I nod. “Yeah. I can resume all normal activity. Our baby is fine.”
We make love on the floor, surrounded by blank walls. It doesn’t matter. My husband makes me his again, and his hands are everywhere and he’s mine.
He’s mine.
He doesn’t fuck me, he makes love to me. My chest swells with emotion, and he’s so gentle, so loving. He touches me with reverence and stares at me with such a soft look in his eyes. The gold in them turns liquid, and I kiss him softly, my lips melting into his. He pulls me close closer closer. He rocks with me, and we come together, and it’s a meeting of souls, not just a joining of bodies. We’re one again.
We’re Corinne and Jude, and we both feel it.
“Don’t hurt me again,” I tell him afterward as my head rests on his chest. “Just don’t.”
“I won’t.” His words are quiet, his grip is strong. He holds me like the world is ending, and in a way, it did.
Our world ended. And then it started again. It started over, and it started better.
We’re stronger now than ever before, and we won’t be vulnerable to something like this again. I feel that in my bones.

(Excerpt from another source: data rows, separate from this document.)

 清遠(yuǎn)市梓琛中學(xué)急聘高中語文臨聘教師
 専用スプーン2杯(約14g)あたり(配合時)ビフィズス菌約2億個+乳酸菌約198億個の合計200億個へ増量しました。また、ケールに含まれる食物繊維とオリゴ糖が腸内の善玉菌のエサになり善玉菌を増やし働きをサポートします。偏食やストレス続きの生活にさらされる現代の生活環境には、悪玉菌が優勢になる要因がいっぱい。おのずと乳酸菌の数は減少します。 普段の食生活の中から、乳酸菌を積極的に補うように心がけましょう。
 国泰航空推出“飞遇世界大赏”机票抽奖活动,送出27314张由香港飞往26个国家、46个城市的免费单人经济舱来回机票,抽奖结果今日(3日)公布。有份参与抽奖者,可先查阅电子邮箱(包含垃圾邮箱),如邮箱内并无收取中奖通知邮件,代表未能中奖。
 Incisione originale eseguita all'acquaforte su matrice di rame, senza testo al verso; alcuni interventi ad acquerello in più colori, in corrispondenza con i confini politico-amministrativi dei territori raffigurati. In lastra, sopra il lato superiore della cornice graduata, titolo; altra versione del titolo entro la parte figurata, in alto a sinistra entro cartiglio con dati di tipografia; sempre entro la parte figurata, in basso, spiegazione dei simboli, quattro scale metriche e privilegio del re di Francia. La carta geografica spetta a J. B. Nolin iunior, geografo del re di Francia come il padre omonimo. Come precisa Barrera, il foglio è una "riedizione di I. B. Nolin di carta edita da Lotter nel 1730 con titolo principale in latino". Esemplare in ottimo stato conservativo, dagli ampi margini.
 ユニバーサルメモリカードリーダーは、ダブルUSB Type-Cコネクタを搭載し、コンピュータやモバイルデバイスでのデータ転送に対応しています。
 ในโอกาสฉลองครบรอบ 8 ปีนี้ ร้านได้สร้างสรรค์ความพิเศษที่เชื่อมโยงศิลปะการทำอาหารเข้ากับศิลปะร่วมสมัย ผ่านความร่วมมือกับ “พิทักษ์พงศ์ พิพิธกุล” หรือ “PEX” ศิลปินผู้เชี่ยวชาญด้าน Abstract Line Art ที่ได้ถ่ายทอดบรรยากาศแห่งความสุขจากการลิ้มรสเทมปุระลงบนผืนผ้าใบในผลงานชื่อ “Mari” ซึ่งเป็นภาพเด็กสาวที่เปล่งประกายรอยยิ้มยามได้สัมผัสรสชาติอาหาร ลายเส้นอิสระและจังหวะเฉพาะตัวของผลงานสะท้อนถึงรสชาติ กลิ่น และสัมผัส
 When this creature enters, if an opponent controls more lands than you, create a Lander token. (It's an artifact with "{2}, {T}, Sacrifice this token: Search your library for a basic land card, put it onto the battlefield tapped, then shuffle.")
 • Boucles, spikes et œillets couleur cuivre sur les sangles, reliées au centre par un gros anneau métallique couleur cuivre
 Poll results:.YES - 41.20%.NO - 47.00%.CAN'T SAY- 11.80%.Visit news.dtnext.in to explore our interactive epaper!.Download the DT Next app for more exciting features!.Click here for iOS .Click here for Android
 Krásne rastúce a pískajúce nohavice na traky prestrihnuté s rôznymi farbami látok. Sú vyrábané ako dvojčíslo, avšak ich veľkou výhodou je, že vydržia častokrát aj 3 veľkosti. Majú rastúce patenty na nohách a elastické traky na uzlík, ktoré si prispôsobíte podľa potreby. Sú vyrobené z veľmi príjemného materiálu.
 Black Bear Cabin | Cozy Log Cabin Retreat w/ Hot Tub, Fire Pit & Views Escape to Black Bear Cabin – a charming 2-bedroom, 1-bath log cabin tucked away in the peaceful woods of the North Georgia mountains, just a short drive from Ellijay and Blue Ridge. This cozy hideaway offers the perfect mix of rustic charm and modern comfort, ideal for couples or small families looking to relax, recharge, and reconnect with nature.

I close my eyes tight and let my husband hold me, and I know that everything is going to be all right. Maybe not today, but someday.
I am strong, and our wounds will heal, and our scars will fade.
That’s what scars do.
It has to be enough.
“Will you stay with me?” Jude asks, long after the flush in our cheeks has faded and we’re still clinging together.
I nod, and my cheek scrapes against his chest.
I remember lying like this with him in Hawaii, on our honeymoon. We were on the cusp of a life together, and we were so naive and new.
We’re battered now, but we’re stronger.
We’re older, but we’re wiser.
We’re better now. So much better than before.
“Yes,” I tell him. “I’m staying. You’re my home.”